[Given records — start]
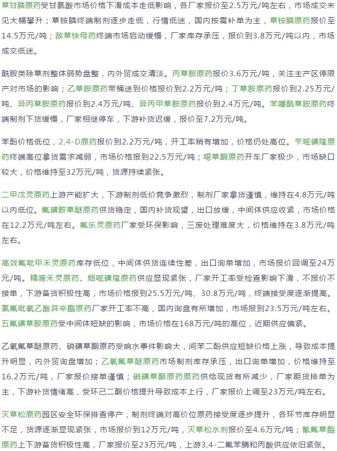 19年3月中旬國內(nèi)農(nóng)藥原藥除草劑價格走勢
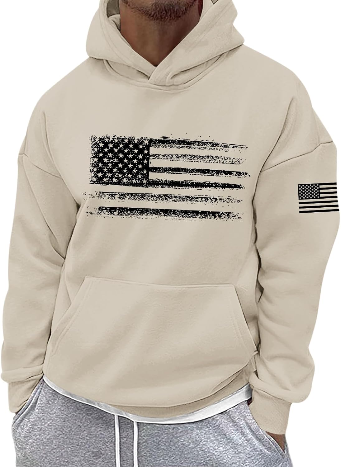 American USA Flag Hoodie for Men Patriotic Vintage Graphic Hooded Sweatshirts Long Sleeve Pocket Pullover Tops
[Given records — finish]
[Given records — start]
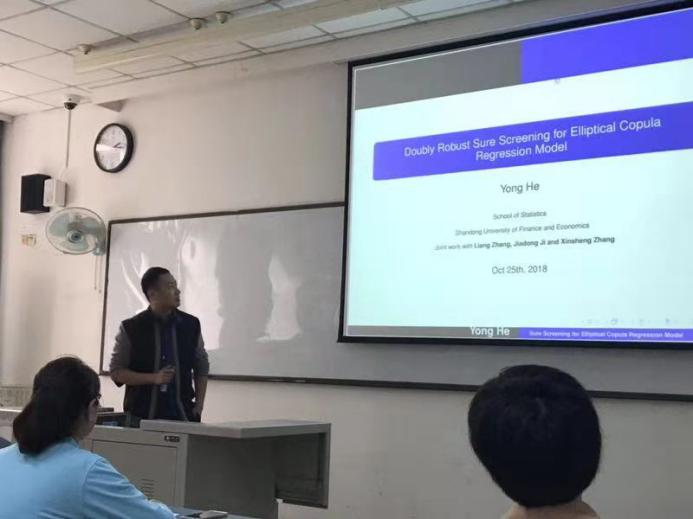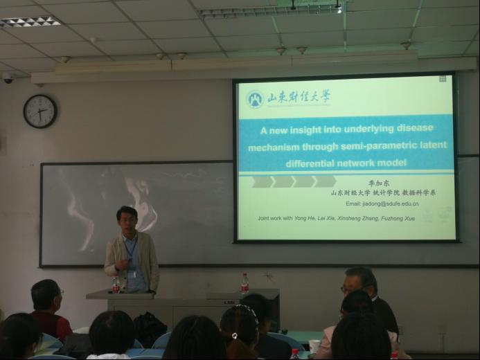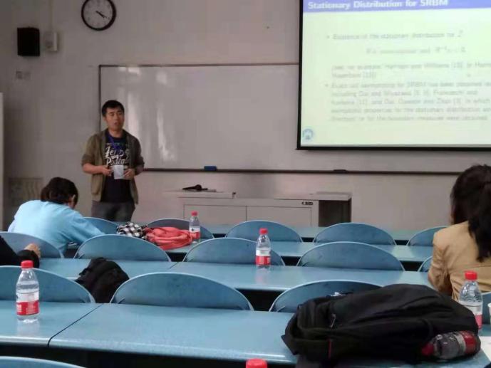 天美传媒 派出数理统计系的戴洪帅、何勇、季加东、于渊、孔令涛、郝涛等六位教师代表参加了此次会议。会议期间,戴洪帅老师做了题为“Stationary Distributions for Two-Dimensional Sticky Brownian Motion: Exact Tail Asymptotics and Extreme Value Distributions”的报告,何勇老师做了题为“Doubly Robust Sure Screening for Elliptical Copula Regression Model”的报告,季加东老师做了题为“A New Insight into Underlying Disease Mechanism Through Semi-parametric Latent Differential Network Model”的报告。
[Given records — finish]
[Given records — start]
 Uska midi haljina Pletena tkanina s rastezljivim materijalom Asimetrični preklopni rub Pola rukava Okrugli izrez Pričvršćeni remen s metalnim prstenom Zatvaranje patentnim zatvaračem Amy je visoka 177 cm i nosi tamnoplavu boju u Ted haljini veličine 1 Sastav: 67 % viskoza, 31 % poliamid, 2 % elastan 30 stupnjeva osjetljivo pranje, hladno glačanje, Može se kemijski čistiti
[Given records — finish]
> **Action item**: Output exactly the lines above, beginning at the one with "19年3月中旬國內(nèi)農(nóng)藥原藥除草劑價格走勢" and stopping after the one with "American USA Flag". Pictures are to be omitted.

> **Output of the exercise**:
 19年3月中旬國內(nèi)農(nóng)藥原藥除草劑價格走勢
 American USA Flag Hoodie for Men Patriotic Vintage Graphic Hooded Sweatshirts Long Sleeve Pocket Pullover Tops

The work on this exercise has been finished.